More than one in 10 workers will try to trick artificial intelligence (AI) systems used to measure employee behaviour and productivity, according to analyst Gartner.
While demand for remote employee monitoring systems has increased significantly during the lockdown, the use of such technology raises questions over privacy, ethics and whether such systems are actually needed.
“Many businesses are making a permanent shift to full- or part-time remote work, which can be both costly and require cultural changes,” said Whit Andrews, distinguished research vice-president at Gartner. “For management cultures that are accustomed to relying on direct observation of employee behaviour, remote work strengthens the mandate to digitally monitor worker activity, in some cases via AI.
“Just as we’ve seen with every technology aimed at restricting its users, workers will quickly discover the gaps in AI-based surveillance strategies. They may do so for a variety of reasons, such as in the interest of lower workloads, better pay or simply spite. Some may even see tricking AI-based monitoring tools as more of a game to be won than disrespecting a metric that management has a right to know.”
According to Gartner, some organisations have deployed AI-enabled systems to analyse employee behaviour. Such tools work in a similar way to the approach e-commerce sites analyse the behaviour of shoppers. Most offer basic activity logging with alerts. Gartner said more sophisticated versions can attempt to detect positive actions or misbehaviour analysis.
Many employers use productivity monitoring systems despite a high percentage of workers finding such tools unappealing. Even before the pandemic, Gartner’s research showed that workers feared new technologies used to track and monitor work habits. As these tools become more prevalent, organisations will increasingly face workers who seek to evade and overwhelm them, said Gartner.
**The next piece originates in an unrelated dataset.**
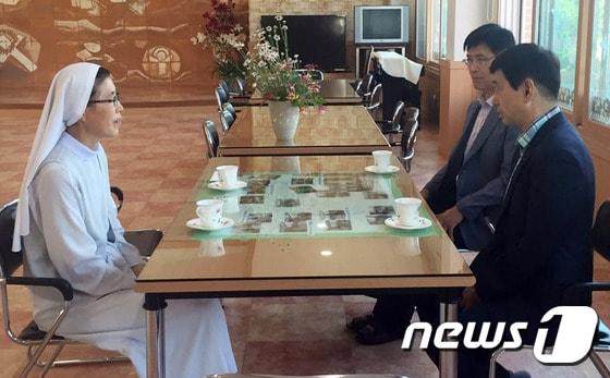 22일 온누리상품권 전달을 위해 원주 애네아의 집을 찾은 정용환 강원지방우정청장(오른쪽)이 기관 관계자와 이야기를 나누고 있다.(사진제공=강원우정청).2015.9.22/뉴스1 ⓒ News1 권혜민 기자

“IT leaders who are considering deploying AI-enabled productivity monitoring tools should take a close look at the data sources, user experience design and the initial use case intended for these tools before investing,” said Andrews. “Determine whether the purpose and scope of data collection supports employees doing their best work. For those that do decide to invest, ensure that the technology is being implemented ethically by testing it against a key set of human-centric design principles.”
Last August, the Information Commissioner’s Office (ICO) began an investigation into Barclays’ use of remote monitoring software from Sapience to check up on staff. Sapience said its workplace analytics technology aggregates thousands of data points – digital output from every corner of the enterprise, every 15 seconds – to provide what it describes as “an unprecedented level of operational visibility” around people, processes and technology.
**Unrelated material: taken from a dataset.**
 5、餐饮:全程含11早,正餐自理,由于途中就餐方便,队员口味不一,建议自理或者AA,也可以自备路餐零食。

Barclays ran a trial of the system, but later stopped using it after a backlash from staff. The ICO has been looking at the extent to which Barclays infringed the privacy of its employees.
While the Barclays case highlights the negative impact of such technology, according to Gartner, workers may seek out gaps where metrics do not capture activity, accountability is unclear, or the AI can be fooled by generating false or confusing data. For example, said Gartner, such activities have already been observed in digital-first organisations, such as ride-share drivers sometimes working for two different services simultaneously as a way of maximising personal earnings.